Question

If R and S are transitive relations on a set A, then prove \[R\cup S\] may not be a transitive relation on A.

Answer 1

Hint: In a reflexive relation, for every \[a\in A,\left( a,a \right)\in R\]. A relation is a symmetric relation R on a set A if \[\left( a,b \right)\in R\] then \[\left( b,a \right)\in R\], for all \[a,b\in A\]. A relation is a transitive relation if \[\left( a,b \right)\in R\], \[\left( b,c \right)\in R\], then \[\left( a,c \right)\in R\] for all \[a,b,c\in A\]. If a relation is reflexive, symmetric and transitive then the relation is said to be equivalence relation. Let us assume a set \[A=\left\{ a,b,c \right\}\]. Now let us assume \[R=\left\{ \left( a,a \right),\left( a,b \right),\left( b,a \right),\left( b,b \right) \right\}\] and \[S=\left\{ \left( b,b \right),\left( b,c \right),\left( c,b \right),\left( c,c \right) \right\}\] because we know that both R and S are transitive. Now let us find \[R\cup S\]. Now from the definition of transitive relation, we can find whether \[R\cup S\]is transitive or not.

Complete step-by-step answer:
Before solving the question, we should know that a relation between two sets is a collection of ordered pairs containing one object from each set. If the object x is from the first set and the object y is from the second set, then the objects are said to be related if the ordered pair \[\left( x,y \right)\] is in the relation. Here the values of x are said to be the domain of the function and the values of y represent the range of the function.
REFLEXIVE RELATION:
A relation is a reflexive relation if every element of set A maps to itself. In a reflexive relation, for every \[a\in A,\left( a,a \right)\in R\].
SYMMETRIC RELATION:
A relation is a symmetric relation R on a set A if \[\left( a,b \right)\in R\] then \[\left( b,a \right)\in R\], for all \[a,b\in A\].
TRANSITIVE RELATION:
A relation is a transitive relation if \[\left( a,b \right)\in R\], \[\left( b,c \right)\in R\], then \[\left( a,c \right)\in R\]for all \[a,b,c\in A\].
EQUIVALENCE RELATION:
If a relation is reflexive, symmetric and transitive then the relation is said to be equivalence relation.

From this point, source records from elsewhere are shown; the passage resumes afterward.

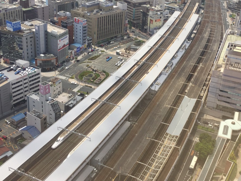 そのRelaxing roomからの真下の眺め。浜松駅が近くなので、電車の行き来が良く見える。走ってくる車両が、白いうなぎのようだ。ここからの眺めはテツにおススメ。ここにいると、東海道新幹線が如何に過密ダイヤなのか、よ~くわかる。ほんと電車、ひっきりなしに来てるからな。で新幹線が通ると、その音がなんともいい感じアクセントになってる。テツの音が遠くに聞こえるスパ、悪くないな。
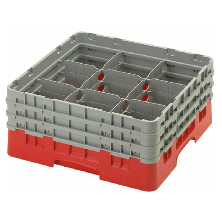 The Cambro 9S638163 Camrack® Glass Rack with (3) soft gray extenders is a full-size, versatile solution for glassware storage and transportation, measuring 19-3/4" x 19-3/4" x 8-7/8". This robust glass rack features nine compartments, each supporting a maximum diameter of 5-7/8" and a maximum height of 6-7/8", making it an ideal choice for organizing various glass sizes securely. The included soft gray extenders add to the rack's adaptability by providing additional height and protection for taller glassware, ensuring optimal support and stability during handling. With a distinctive red color, this Camrack® is easily identifiable, streamlining operations in busy environments. It adheres to HACCP compliance standards, promoting safety in food and beverage settings, and is NSF certified, which underscores its adherence to stringent public health requirements. The Cambro 9S638163 is a preferred choice across different market segments, including restaurants, catering services, and hospitality venues, due to its ability to enhance operational efficiency and glassware protection. Its durable construction and thoughtful design make it an essential asset for businesses seeking reliable and effective glassware management solutions.
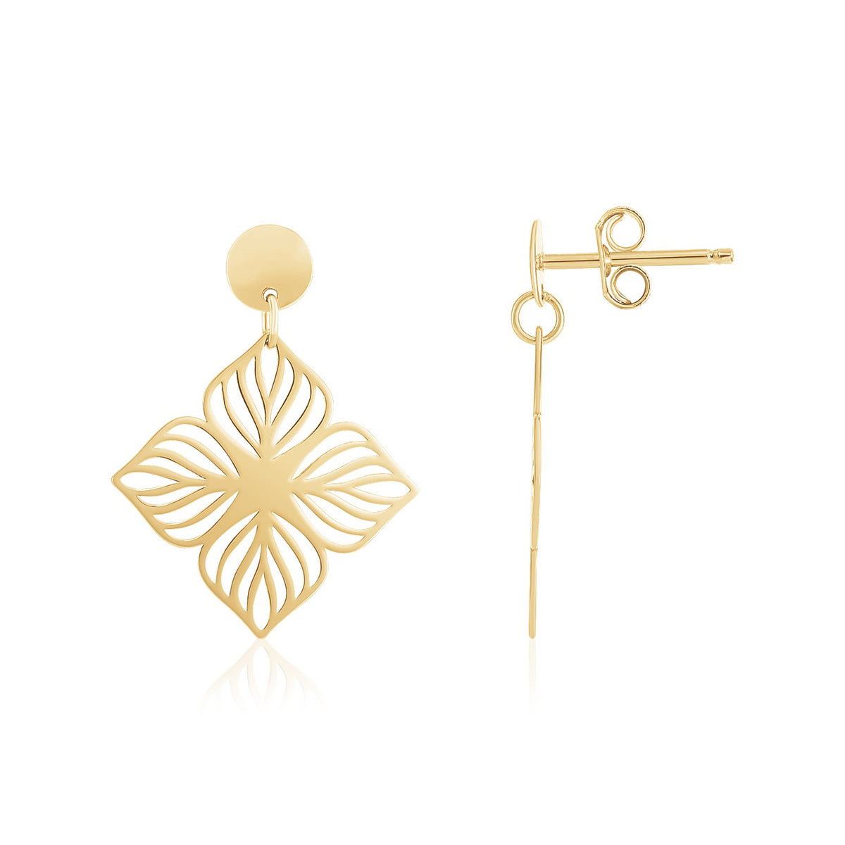 These Flower Cutout earrings is a graceful botanical design. you will stand out with this unique dangle flower design. Crafted in 14k yellow gold with a high polish finish and push back clasp.

Let us assume a set \[A=\left\{ a,b,c \right\}\].
Now let us assume \[R=\left\{ \left( a,a \right),\left( a,b \right),\left( b,a \right),\left( b,b \right) \right\}\] and \[S=\left\{ \left( b,b \right),\left( b,c \right),\left( c,b \right),\left( c,c \right) \right\}\] because we know that both R and S are transitive.
\[R\cup S=\left\{ \left( a,a \right),\left( a,b \right),\left( b,a \right),\left( b,b \right),\left( b,b \right),\left( b,c \right),\left( c,b \right),\left( c,c \right) \right\}\]
From the definition of transitive relation, we can say that \[\left( a,b \right)\] belongs to \[R\cup S\], \[\left( b,c \right)\] belongs to \[R\cup S\] but \[\left( a,c \right)\] does not belongs to \[R\cup S\].
So, we can prove that \[R\cup S\] may not be a transitive.

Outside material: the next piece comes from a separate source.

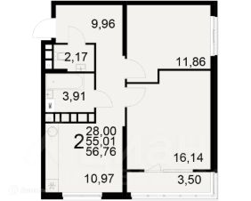2 комн. квартира в ЖК Радости жизни, площадь 56.76 м², жилая 28 м², кухня 10.97 м²

Note: Students should have a clear view about the concept of reflexive, symmetric and transitive relations. If a small misconception is there, then students cannot solve this problem. So, this misconception should be avoided. Students should also be able to roster the form of a set in a correct manner. If one cannot write the roster form is written incorrectly, then we cannot get the correct answer.